Application should handle the Tab Navigation.
Application should handle the async operations with coroutines.
The project is available in the GitHub repository.
Dependencies
Base project setup as always is made with Kotlin Multiplatform Wizard, we also need to add some Voyager as it is the core thing that we would like to examine.
[versions]
voyager = "1.1.0-alpha04"
[libraries]
voyager - navigator = { module = "cafe.adriel.voyager:voyager-navigator", version.ref = "voyager" }
voyager - screenmodel = { module = "cafe.adriel.voyager:voyager-screenmodel", version.ref = "voyager" }
voyager - transitions = { module = "cafe.adriel.voyager:voyager-transitions", version.ref = "voyager" }
commonMain.dependencies {
...
implementation(libs.voyager.navigator)
implementation(libs.voyager.screenmodel)
implementation(libs.voyager.transitions)
}
Voyager Introduction
A multiplatform navigation library built specifically for, and seamlessly integrated with, Jetpack Compose. Voyager provides a robust and flexible solution for managing navigation in your applications. It supports various navigation patterns, including stack-based navigation, tab navigation, and more.
Screens
The basic structure for Voyager is the Screen interface. Every screen in our application is essentially a class that includes a @Composable function responsible for providing the content to be displayed. Each screen-related class must implement this interface. Upon closer examination, we can see that the Screen interface is a straightforward contract with only one method to implement, which makes it easy to understand and use.

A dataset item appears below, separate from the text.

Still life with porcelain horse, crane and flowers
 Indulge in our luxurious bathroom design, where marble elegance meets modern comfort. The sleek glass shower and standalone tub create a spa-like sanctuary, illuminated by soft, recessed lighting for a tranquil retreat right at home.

For screens that do not require any input parameters, we can use either an object or a class. This allows us to define simple, reusable screens without the need for additional setup. On the other hand, if a screen needs to accept some parameters, we can use a data class. This approach is particularly useful when we need to pass data between different screens, ensuring that each screen can be customized based on the provided parameters.

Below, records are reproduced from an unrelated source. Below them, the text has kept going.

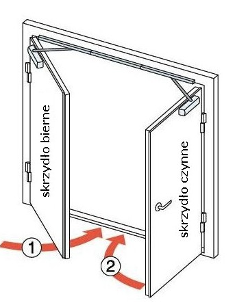 Po otwarciu obu skrzydeł, koordynator przytrzymuje skrzydło czynne aby w tym czasie skrzydło bierne zamkneło się. Gdy skrzydło bierne jest w pozycji zamkniętej automatycznie zamknie się skrzydło czynne. Ta funkcja gwarantuje zawsze prawidłowe zamknięcie obu skrzydeł. Jest to konieczny wymóg dla drzwi ppoż i użyteczny dla pozostałych.
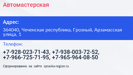 Автомастерская по адресу 364040, Чеченская республика, Грозный, Арзамасская улица, 1 в дальнейшем Организация, размещена в следующих категориях:
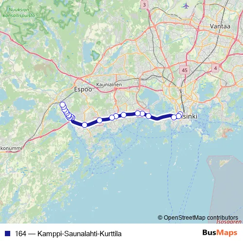 Bus 164 - Kamppi-Saunalahti-Kurttila: Full Schedule in Helsinki
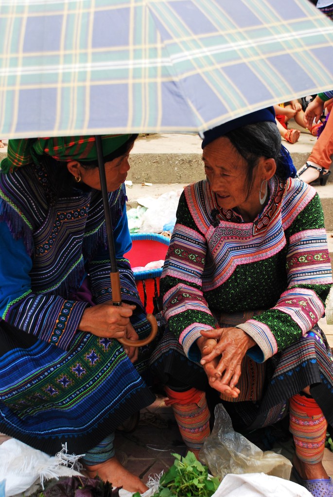 Two ladies wearing traditional Sapa dresses, at Bac Ha Market.
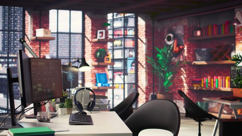 PC shows deep neural network development tools in an empty agency setting. Visual coding and autonomous computing systems are used for advanced AI and scientific data exploration. Pro Video

Let's add the screens with basic UI to the project
class FirstScreen : Screen {
@Composable
override fun Content() {
Column(
modifier = Modifier.fillMaxSize(),
horizontalAlignment = Alignment.CenterHorizontally,
verticalArrangement = Arrangement.Center
) {
Text("First screen")
Button(onClick = { /*TODO*/ }) {
Text("Second Screen")
}
}
}
}
data class SecondScreen(val greetings: String) : Screen {
@Composable
override fun Content() {
Column(
modifier = Modifier.fillMaxSize(),
horizontalAlignment = Alignment.CenterHorizontally,
verticalArrangement = Arrangement.Center
) {
Text("First screen")
Spacer(modifier = Modifier.height(16.dp))

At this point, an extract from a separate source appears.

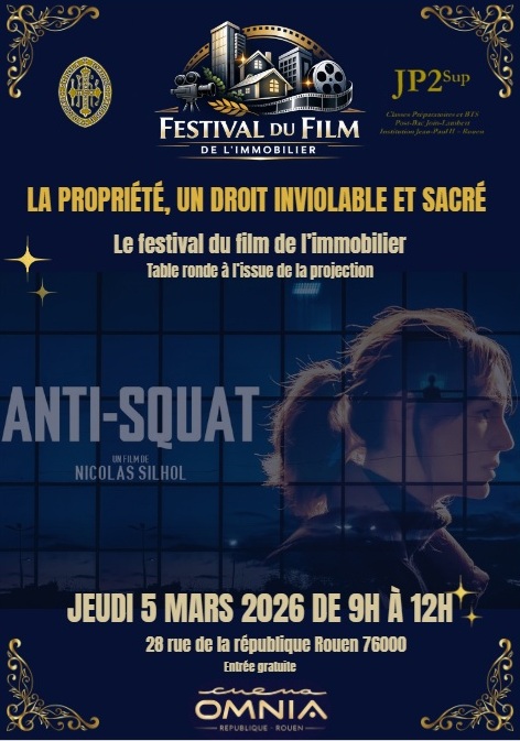 Le Festival du Film de l’Immobilier (FFI) a soufflé une nouvelle bougie le jeudi 5 mars dernier ! Nous avons eu l’honneur d’organiser avec Mme Martin le troisième FFI de Normandie !  Un projet culturel (cinématographique) mais aussi professionnel (en lien avec notre belle et prometteuse Institution supérieure) avec le thème suivant : « La propriété, un droit inviolable et sacré ». Le film choisi a été celui de Nicolas Shiloh : Anti-squat, projeté au cinéma l’Omnia, rue de la République à Rouen.

Text("Greetings: $greetings}")
Button(onClick = { /*TODO*/ }) {
Text("Go Back")
}
}
}
}
Linear Navigation
The second most important component in Voyager is the Navigator, which is a Compose function built upon the internals of the Compose framework. The Navigator plays a crucial role in managing various aspects of the application. It handles the lifecycle, backPress, StateRestoration and the navigation.
To obtain the navigator in any Screen, we need to use the LocalNavigator within the local composition. This is similar to how we use other elements in the CompositionLocal. The LocalNavigator must be provided at the root of the composition, typically within the App() function. By doing this, we ensure that the navigator is accessible throughout the entire composition tree, allowing for seamless navigation between different screens. This setup is essential for maintaining a consistent and manageable navigation structure in our application.
Let's obtain the navigator and push the SecondScreen from the FirstScreen. To achieve this, we need to instantiate the second screen within the function call. This process involves creating an instance of the SecondScreen class and then using the push method to navigate to it.
One interesting aspect to note is that push is an infix function. In Kotlin, infix functions allow us to call functions in a more natural and readable way, without the need for dots and parentheses. This makes the code cleaner and easier to understand. For example, instead of writing navigator.push(SecondScreen()), we can simply write navigator push SecondScreen().
This infix notation enhances the readability of the code, making the navigation flow more intuitive and straightforward. By leveraging this feature, we can create a more elegant and maintainable navigation structure within our Compose application.
@Composable
private fun FirstScreenButton() {
val navigator = LocalNavigator.currentOrThrow
Button(
onClick = {
navigator.push(SecondScreen("Hello from First Screen"))
// infix call:
// navigator push SecondScreen("Hello from First Screen")
}
) {
Text("Second Screen")
}
}
We can achieve the same functionality with the SecondScreen to navigate back to the FirstScreen using the pop function. This involves calling the pop method on the navigator instance, which effectively removes the current screen from the stack and returns to the previous one.
@Composable
private fun SecondScreenButton() {
val navigator = LocalNavigator.currentOrThrow
Button(
onClick = {
navigator.pop()
}
) {
Text("Go Back")
}
}
The last crucial step is to ensure the proper creation of the navigator to prevent any null-pointer exceptions within the composition. The flexible approach provided by Voyager allows us to select from a variety of default screen transitions. For the purpose of this post, we will utilize the SlideTransition(), which offers a smooth and visually appealing way to switch between screens.
@Composable
fun App() {
MaterialTheme {
Navigator(FirstScreen()) { navigator ->
SlideTransition(navigator)
}
}
}
The initial configuration is up and running, we can navigate between the screens and the data is preserved during the screen rotation. Let's run the project on both Android and iOS to see the results.
Screen Model
It is worth mentioning that compared to the Decompose library, Voyager also has its own ViewModel equivalent, called the ScreenModel. This is an important feature to highlight because it provides a similar functionality to what many developers are already familiar with in other frameworks. However, with some recent changes in compose multiplatform, the ViewModels were moved to the common code. This means that you now have more flexibility in your approach and can choose the one that best fits your needs and project requirements.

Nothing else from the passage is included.